To help Governor Cuomo change how business is done, the 54 sitting senators who signed the NY Uprising pledge last fall must keep our promise and pass meaningful budget reform.
At 1:00 PM today, the Senate Finance Committee – the body through which bills must pass before coming to a full floor vote – will take up critical budget reforms originally introduced last year. Of the committee’s 34 members, 29 signed the NY Uprising pledge. And now, these members will have the opportunity to follow through on their commitment to pass common sense legislation which will:
- Task a 15-member Empire State Performance Commission with designing a performance based management and budgeting blueprint that will streamline government and end waste and fraud that has plagued programs and services (S413).

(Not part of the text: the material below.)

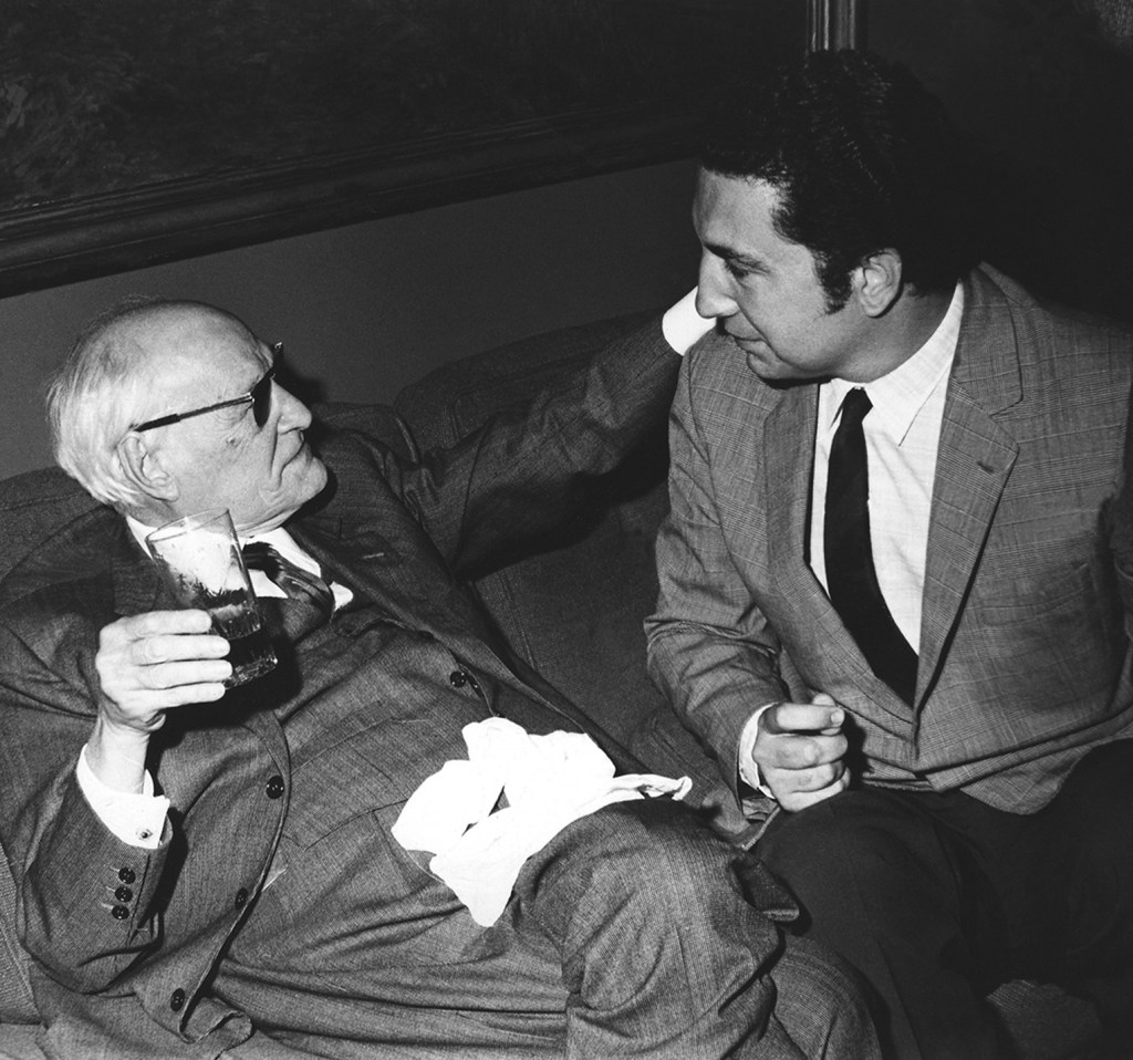 En 1967, mientras dirigía “Claudia”, me entero que Ungaretti estaba en Buenos Aires. Felizmente superé mi habitual timidez, y fui a buscarlo en un cóctel. Estuvo muy afectuoso, me invitó a sentarme a su lado y, mientras charlábamos, sin que yo lo advirtiera, un fotógrafo amigo nos enfocó espontáneamente, por su cuenta. De allí esa foto inolvidable. E imprevista. Estuvo en casa, con pocos invitados, conversamos y me dedicó (con tinta verde) un libro que conservo. Era tan discreto como intenso, y su carácter era más bien un poco cascarrabias. Pero conmigo fue muy dulce. Sigue siendo uno de los grandes recuerdos de mi vida. Como el de haber estado con Saint-John Perse, Juan L. Ortiz, Oliverio Girondo.

- Remove fiscal manipulations that have allowed for the distortion of State finances, by requiring both the Executive Budget proposal and Enacted Budget to be balanced according to Generally Accepted Accounting Principles (GAAP). This will end the practice of balancing the budget on a “Cash Basis,” which blurs the State’s actual fiscal reality by only looking at what money the State has “in pocket” at a given time, while ignoring the money it owes (which is often a large sum). GAAP Budgeting will “fundamentally realign recurring spending with recurring revenue to restore the State’s fiscal health” as recommended in a recent report by the state Comptroller (S414).

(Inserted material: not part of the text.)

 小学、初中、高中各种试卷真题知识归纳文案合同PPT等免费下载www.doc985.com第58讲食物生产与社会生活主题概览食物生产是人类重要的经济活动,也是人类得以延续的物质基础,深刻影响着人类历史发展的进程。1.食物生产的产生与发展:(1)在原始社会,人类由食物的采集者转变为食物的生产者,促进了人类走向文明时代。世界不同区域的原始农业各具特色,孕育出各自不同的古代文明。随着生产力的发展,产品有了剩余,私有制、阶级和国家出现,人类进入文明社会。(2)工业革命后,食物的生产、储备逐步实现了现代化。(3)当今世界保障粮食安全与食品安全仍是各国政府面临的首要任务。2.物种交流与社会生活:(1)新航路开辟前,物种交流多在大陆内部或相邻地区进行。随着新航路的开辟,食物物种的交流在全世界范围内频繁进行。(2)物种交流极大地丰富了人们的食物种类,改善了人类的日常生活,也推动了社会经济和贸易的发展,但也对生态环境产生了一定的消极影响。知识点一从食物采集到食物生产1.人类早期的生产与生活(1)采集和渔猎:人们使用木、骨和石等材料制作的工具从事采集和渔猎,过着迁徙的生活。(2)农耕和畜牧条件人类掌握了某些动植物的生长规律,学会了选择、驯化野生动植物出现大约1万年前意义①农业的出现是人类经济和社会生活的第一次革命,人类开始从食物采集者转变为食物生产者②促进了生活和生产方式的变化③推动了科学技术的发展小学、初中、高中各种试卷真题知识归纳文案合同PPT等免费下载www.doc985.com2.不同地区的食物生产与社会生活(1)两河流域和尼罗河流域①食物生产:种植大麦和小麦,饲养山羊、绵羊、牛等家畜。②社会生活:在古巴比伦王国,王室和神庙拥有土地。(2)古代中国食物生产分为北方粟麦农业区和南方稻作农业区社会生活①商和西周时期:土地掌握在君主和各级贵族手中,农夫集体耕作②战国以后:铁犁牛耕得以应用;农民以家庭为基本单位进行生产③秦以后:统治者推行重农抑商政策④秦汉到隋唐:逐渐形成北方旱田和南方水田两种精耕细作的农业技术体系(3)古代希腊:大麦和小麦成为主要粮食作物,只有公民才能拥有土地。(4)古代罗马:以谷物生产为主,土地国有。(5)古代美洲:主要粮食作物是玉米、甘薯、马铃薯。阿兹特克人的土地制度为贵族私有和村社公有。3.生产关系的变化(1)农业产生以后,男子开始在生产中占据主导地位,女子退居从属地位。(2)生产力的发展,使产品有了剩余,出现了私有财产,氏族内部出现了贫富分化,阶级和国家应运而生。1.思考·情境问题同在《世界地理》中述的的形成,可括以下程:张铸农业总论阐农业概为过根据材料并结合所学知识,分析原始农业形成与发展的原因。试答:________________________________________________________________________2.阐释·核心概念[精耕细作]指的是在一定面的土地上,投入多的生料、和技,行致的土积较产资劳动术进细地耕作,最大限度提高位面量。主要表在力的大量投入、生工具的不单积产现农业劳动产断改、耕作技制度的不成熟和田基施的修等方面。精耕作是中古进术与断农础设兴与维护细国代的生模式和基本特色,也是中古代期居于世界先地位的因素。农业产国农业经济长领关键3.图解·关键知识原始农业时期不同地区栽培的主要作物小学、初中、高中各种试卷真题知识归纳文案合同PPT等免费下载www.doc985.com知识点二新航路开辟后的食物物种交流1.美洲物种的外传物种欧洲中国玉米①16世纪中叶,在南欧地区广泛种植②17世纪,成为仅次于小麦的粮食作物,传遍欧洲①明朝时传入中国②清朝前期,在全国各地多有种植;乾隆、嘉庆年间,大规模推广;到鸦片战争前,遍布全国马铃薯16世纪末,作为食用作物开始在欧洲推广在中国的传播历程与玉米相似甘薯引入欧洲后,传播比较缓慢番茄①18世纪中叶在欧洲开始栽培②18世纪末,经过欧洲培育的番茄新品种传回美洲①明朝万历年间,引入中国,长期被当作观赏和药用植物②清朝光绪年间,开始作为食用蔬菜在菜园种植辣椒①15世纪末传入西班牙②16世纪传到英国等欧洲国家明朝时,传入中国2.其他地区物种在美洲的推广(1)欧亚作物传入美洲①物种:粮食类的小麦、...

- End New York’s status as the only state with a budget date prior to the federal tax collection date. Currently, the State balances the budget based on assumptions, rather than on hard numbers. Shifting the start of the fiscal year to June 1 will allow for proper fiscal planning (S418).
Earlier this session, Senate Democrats fought to bring Governor Cuomo’s independent redistricting legislation to a vote. And two weeks ago, Senators Daniel Squadron, Gustavo Rivera and I submitted petitions to force action on ethics reform, in particular, legislation which would strip convicted politicians of their pensions and increase oversight of the Legislature. To date, the Republican Majority has systematically broken their pledge.
However, ever the optimist, I am hopeful my colleagues from both sides of the aisle will keep their promise, starting today, and enact meaningful budget reform.